Yes, she does lack chin. That can be camouflaged to some degree by leaving the hair on the end of the chin a bit long - and that's not easy to do! Do you have someone who can help you with grooming?


----------



## rachelcu (6 mo ago)

Johanna said:


> Your biggest challenge is going to be learning to groom for show. For example, the coat in front of the tail needs to taper down to the base of the tail. Right now it is rounded and that makes the tail set look low.
> 
> Yes, she does lack chin. That can be camouflaged to some degree by leaving the hair on the end of the chin a bit long - and that's not easy to do! Do you have someone who can help you with grooming?


She was groomed quickly at the show by the breeder/handler. She does have a taper, but I had the person holding her flatten it so you could see her square outline. If I continue to show her, she'll continue to groom her. I may want to start handling her myself, but not sure about that yet. That's a good point about masking the chin. Do you notice anything else about her apart from the chin? I'm pretty new to understanding what show quality is.


----------



## Johanna (Jun 21, 2017)

Only other thing I noticed was that she needs to be blow-dried properly. You have to dry a small area at a time keeping the undried hair covered with a slightly damp towel. You have to brush the little area being dried from the skin out. I think there are some videos on U-Tube showing how to do it.


----------



## rachelcu (6 mo ago)

Johanna said:


> Only other thing I noticed was that she needs to be blow-dried properly. You have to dry a small area at a time keeping the undried hair covered with a slightly damp towel. You have to brush the little area being dried from the skin out. I think there are some videos on U-Tube showing how to do it.


I definitely got inpatient when blowing her dry, not a bad idea to watch a video. Thanks a bunch for your advice/input. She looked more like this around the time of the show:


----------



## TerraFirma (12 mo ago)

Photos of her against a lighter background stacked up so people can see her front view, side, and back end will help as would a video of her in motion. Six months is a wonky age. I'm no expert, but you're right on the chin, and I agree with @Johanna on tail set appearance.

I mean, without touching her, it's hard to tell but are her shoulders laid back properly? Her eyes could be better, a bit too large and round IMO. Do you have photos of her dam and sire at this ages fully matured? Might help you see the future a bit.
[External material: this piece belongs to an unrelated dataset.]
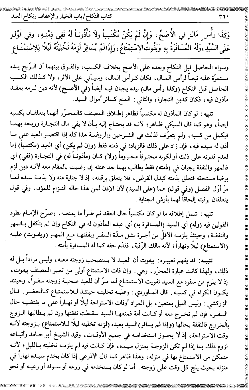 تَنْبِيهٌ: قَدْ يُفْهِمُ تَعْبِيرُهُ: بِيَفُوتُ أَنَّ الْعَبْدَ لَا يَسْتَصْحِبُ زَوْجَتَهُ مَعَهُ، وَلَيْسَ مُرَادًا بَلْ لَهُ ذَلِكَ، وَلِهَذَا كَانَتْ عِبَارَةُ الْمُحَرَّرِ، وَهِيَ: وَإِنْ فَاتَ الِاسْتِمْتَاعُ أَوْلَى مِنْ تَعْبِيرِ الْمُصَنِّفِ بِيَفُوتُ، إذْ لَا يَلْزَمُ مِنْ سَفَرِهِ مَعَ السَّيِّدِ تَفْوِيتُ الِاسْتِمْتَاعِ لِمَا مَرَّ أَنَّ لِلْعَبْدِ صُحْبَةَ زَوْجَتِهِ سَفَرًا، وَحِينَئِذٍ يَكُونُ الْكِرَاءُ فِي كَسْبِهِ. قَالَ الْمَاوَرْدِيُّ: وَعَلَيْهِ تَخْلِيَتُهُ حِينَئِذٍ لِلِاسْتِمْتَاعِ كَالْحَضَرِ. قَالَ الزَّرْكَشِيُّ: وَلَيْسَ اللَّيْلُ بِمُتَعَيَّنٍ، بَلْ الْمُرَادُ أَوْقَاتُ الِاسْتِرَاحَةِ لَيْلًا أَوْ نَهَارًا عَلَى مَا يَقْتَضِيهِ حَالُ السَّفَرِ، فَإِنْ لَمْ تَخْرُجْ مَعَهُ أَوْ كَانَتْ أَمَةً فَمَنَعَهَا السَّيِّدُ سَقَطَتْ نَفَقَتُهَا وَإِنْ لَمْ يُطَالِبْهَا الزَّوْجُ بِالْخُرُوجِ فَالنَّفَقَةُ بِحَالِهَا (وَإِذَا لَمْ يُسَافِرْ) السَّيِّدُ بِعَبْدِهِ (لَزِمَهُ تَخْلِيَتُهُ لَيْلًا لِلِاسْتِمْتَاعِ) بِزَوْجَتِهِ لِأَنَّهُ وَقْتُ الِاسْتِرَاحَةِ، إذْ لَا يَجُوزُ اسْتِخْدَامُهُ فِي جَمِيعِ الْأَوْقَاتِ، وَقَيَّدَ الشَّيْخُ أَبُو حَامِدٍ وَأَتْبَاعُهُ لُزُومَ ذَلِكَ بِمَا إذَا لَمْ تَكُنْ الزَّوْجَةُ بِمَنْزِلِ سَيِّدِهِ، فَإِنْ كَانَتْ فِيهِ لَمْ يَلْزَمْهُ تَخْلِيَتُهُ بِاللَّيْلِ؛ لِأَنَّهُ مُتَمَكِّنٌ مِنْ الِاسْتِمْتَاعِ بِهَا فِي مَنْزِلِهِ، وَهَذَا ظَاهِرٌ كَمَا قَالَ الْأَذْرَعِيُّ إذَا كَانَ يَخْدِمُ سَيِّدَهُ نَهَارًا فِي مَنْزِلِهِ بِحَيْثُ يَلِجُ كُلَّ وَقْتٍ عَلَى زَوْجَتِهِ. أَمَّا لَوْ كَانَ يَسْتَخْدِمُهُ فِي زَرْعِهِ أَوْ سُوقِهِ أَوْ رَعْيِهِ أَوْ نَحْوِ

Did you show her in AKC or UKC this weekend? If her breeder is happy to show her for you and mentor you, then I would go with it for the experience. I don't know a serious show breeder who would put a dog out that embarrassed them. It will help you to know if you want to commit to another show prospect in the future. If it were me, I would want to know from the breeder if she thinks that this girl can finish in a reasonable amount of time. I'm not keen on the idea of investing a lot of time and money (and emotion) taking a dog out that can't, but that's just me. I also would hesitate to invest in a dog that has a major fault, no matter what hiding you can do in grooming. 

She is a lovely girl regardless. I commend your goals of showing! My dogs that loved it, LOVED it, and I think it creates a really well-rounded pet, because let's be real, most of their life is spent out of the ring.


----------



## rachelcu (6 mo ago)

TerraFirma said:


> Photos of her against a lighter background stacked up so people can see her front view, side, and back end will help as would a video of her in motion. Six months is a wonky age. I'm no expert, but you're right on the chin, and I agree with @Johanna on tail set appearance.
> 
> I mean, without touching her, it's hard to tell but are her shoulders laid back properly? Her eyes could be better, a bit too large and round IMO. Do you have photos of her dam and sire at this ages fully matured? Might help you see the future a bit.
> 
> ...


She’s definitely a lovely dog and will make a great pet or companion no matter what. Her temperament is perfect for me so far. She’s my first poodle and I couldn’t have imagined enjoying having a dog this much. I’m not sure about her shoulders, but I’ll add some photos like you mentioned and a video of her movement. I think her movement is her strong suit. She looks beautiful when she runs. Unfortunately, I don’t have pictures of either of her parents. I agreed to purchase her a little impulsively when I met her mainly to test my allergies. I can only find a photo of her grandmother and grandfather.

I appreciate your honest opinion and that’s part of why I made the post, I’m not sure if I should focus on trying to show her. I’ve also booked a pool to start learning dock diving. It was an AKC show and I mainly decided to try it out for a lot of the qualities you mentioned that show dogs have. I also have a relative whose career is with dogs/AKC. She did great in the ring in the second day and and wagged her tail getting out of the car to go into the expo hall. I think the show gave her a lot of confidence.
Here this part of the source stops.